THE GIST


- Our experiences with objects determine how we feel about the colors of those objects.

- There are general trends in color preferences across cultures, but wide differences among individuals.

- Understanding why we like the colors we do could help artists, designers and marketing companies.

Yellow or pink flowers? The green or blue sweater? From cars to furniture to iPods, we make decisions about color all the time. Now, scientists are starting to figure out why we like the hues we do.

It is our experiences that determine which colors we prefer, suggests a new study, which was the first to experimentally test the long-suspected idea that people like the colors of the things they like.

The findings may help explain why blue is pleasing to people everywhere, why Japanese women tend to like light colors, and why dark yellow is generally unappealing, among other trends.

On the flip side, the study also hints at why one woman might buy orange socks, while the next shopper picks brown -- in turn, offering tantalizing fodder for designers, artists and marketing experts.

"I might like purple more than you because my sister's bedroom was purple and I had positive experiences there," said Karen Schloss, a graduate student in psychology at the University of California, Berkeley. "Your own personal preference is determined by all the entities you've encountered of that color and how much you liked them."

In their attempts to understand why people like certain colors, scientists have focused on evolution. The main theory is that we like colors that are tied to things that are healthy and promote survival.

A blue sky, for example, indicates calm weather, which might explain why blue tends to be a favored color across cultures. Dark yellows and oranges, on the other hand, invoke urine, feces, vomit and rotting food. As expected, there is usually a dip in preference for these hues in studies around the world.

Scientists have also predicted, with mixed results, a preference for red among women, who would've needed to spot red berries against green foliage in our ancestral hunter-gatherer societies.

Despite those general trends, there are wide-ranging differences among individuals about which colors they like. Schloss and colleague Stephen Palmer wanted to know why.

As part of a series of experiments, the researchers showed slide shows of colored objects to a group of participants. The images were biased, so that some people might see nice red things, like yummy strawberries, but unpleasant green images like slime. Others saw unpleasant red things like blood but nice green objects, like trees. Afterwards, the researchers reported in the Proceedings of the National Academy of Sciences, people preferred whichever color had been linked to the positive images they saw, whether red or green.
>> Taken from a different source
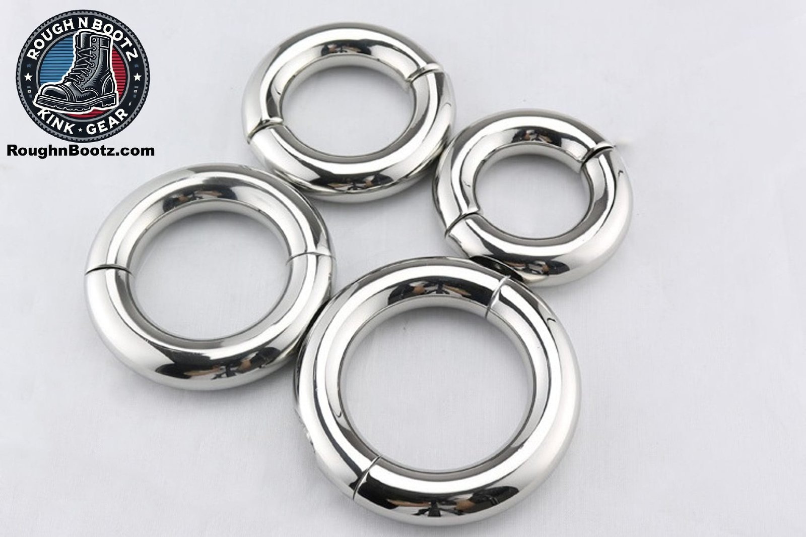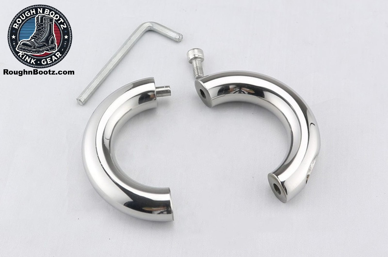 These simple solid stainless steel cockrings are great for long term wear and stretching your cock and balls or just balls. Ideal for men with previous stretching or heavy cockring experience, these rings are great because the two piece design allows you to wear a cockring that is one size smaller then the standard slip-on type. This helps prevent the ring from falling off if you are wearing it while soft and for this reason they are especially great for growers. We know you pigs might want even more weight for heavy stretching and for this we recommend stacking multiple cockrings together. If you are just starting out with stretching, you can try these rings but limit yourself to an hour or two at a time until you grow accustomed to the weight and do not do anything strenuous while wearing this cockring.

In another preliminary study, the researchers found that Berkeley students who ranked highest in school spirit had the strongest preferences for blue and gold, their school's colors, and the most distaste for red and white, the colors of their rival Stanford.

Spirited Stanford students showed the opposite pattern, suggesting that social affiliations can influence which colors we like at different times in our lives.

"Their study is a really neat experiment to prove something that we have suspected for a long time," said Yazhu Ling, a vision scientists at the University of East Anglia in the United Kingdom. She and colleagues established a theory that our systems for ranking colors are hardwired, even if our actual color preferences are malleable.

"You see loads of articles online about what color you like and what that says about what kind of person you are," she added. "There is not actually scientific support for that. But it shows that people are generally interested in the subtle differences between people and what has driven that. Color provides a tool to understand why we like some things more than others."